[MATERIAL SUPPLIED Boundary: Start]
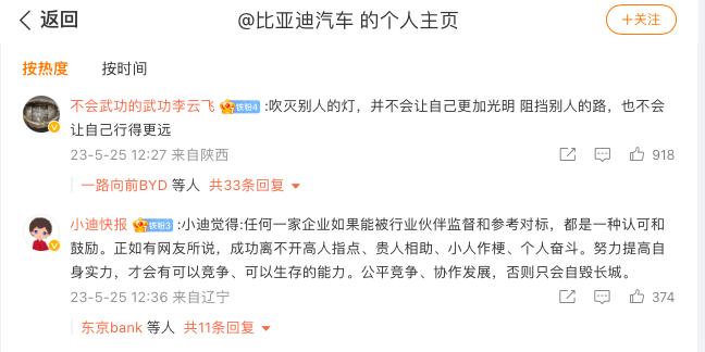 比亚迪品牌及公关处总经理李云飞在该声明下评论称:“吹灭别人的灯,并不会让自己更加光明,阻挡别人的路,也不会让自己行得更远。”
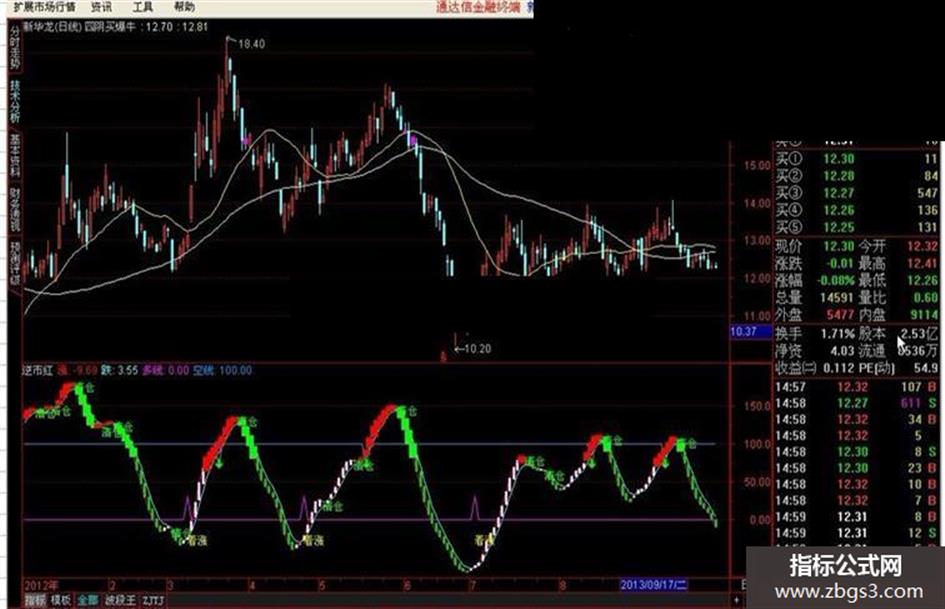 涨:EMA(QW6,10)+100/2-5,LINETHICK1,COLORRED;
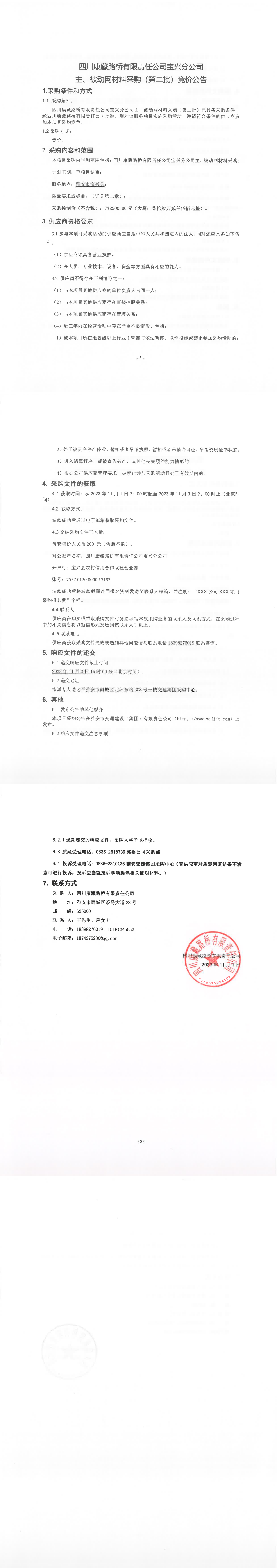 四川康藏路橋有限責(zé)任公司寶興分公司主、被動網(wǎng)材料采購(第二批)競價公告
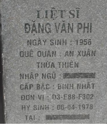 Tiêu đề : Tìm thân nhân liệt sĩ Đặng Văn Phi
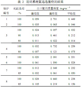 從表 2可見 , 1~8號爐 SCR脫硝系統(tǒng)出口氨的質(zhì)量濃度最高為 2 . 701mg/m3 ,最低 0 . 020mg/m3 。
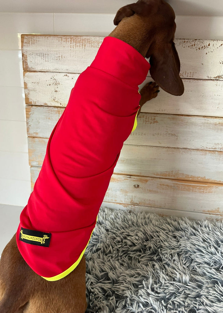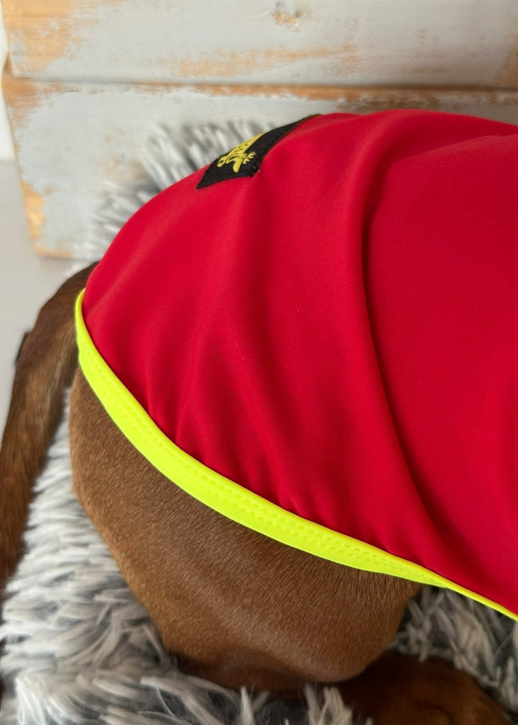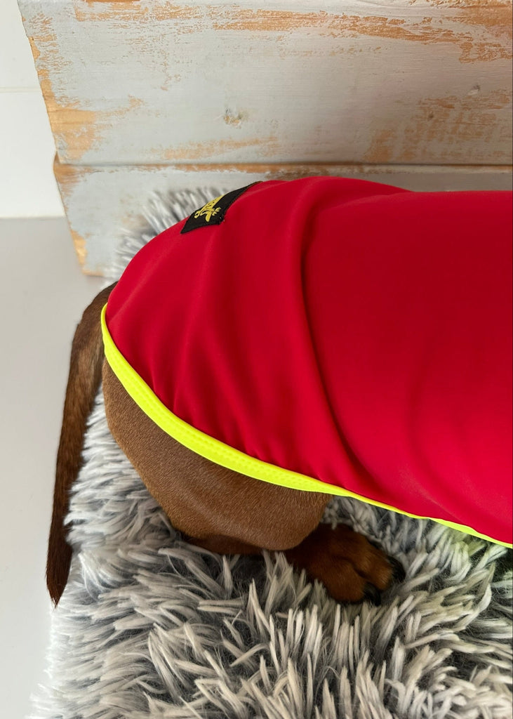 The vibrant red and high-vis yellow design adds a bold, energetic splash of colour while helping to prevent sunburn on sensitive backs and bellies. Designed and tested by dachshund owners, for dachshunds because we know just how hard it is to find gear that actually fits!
[MATERIAL SUPPLIED Boundary: End]
WHAT TO WORK ON.
In your answer, give every line of the listing above exactly, and do not include the images.

TASK RESPONSE.
 比亚迪品牌及公关处总经理李云飞在该声明下评论称:“吹灭别人的灯,并不会让自己更加光明,阻挡别人的路,也不会让自己行得更远。”
 涨:EMA(QW6,10)+100/2-5,LINETHICK1,COLORRED;
 四川康藏路橋有限責(zé)任公司寶興分公司主、被動網(wǎng)材料采購(第二批)競價公告
 Tiêu đề : Tìm thân nhân liệt sĩ Đặng Văn Phi
 從表 2可見 , 1~8號爐 SCR脫硝系統(tǒng)出口氨的質(zhì)量濃度最高為 2 . 701mg/m3 ,最低 0 . 020mg/m3 。
 The vibrant red and high-vis yellow design adds a bold, energetic splash of colour while helping to prevent sunburn on sensitive backs and bellies. Designed and tested by dachshund owners, for dachshunds because we know just how hard it is to find gear that actually fits!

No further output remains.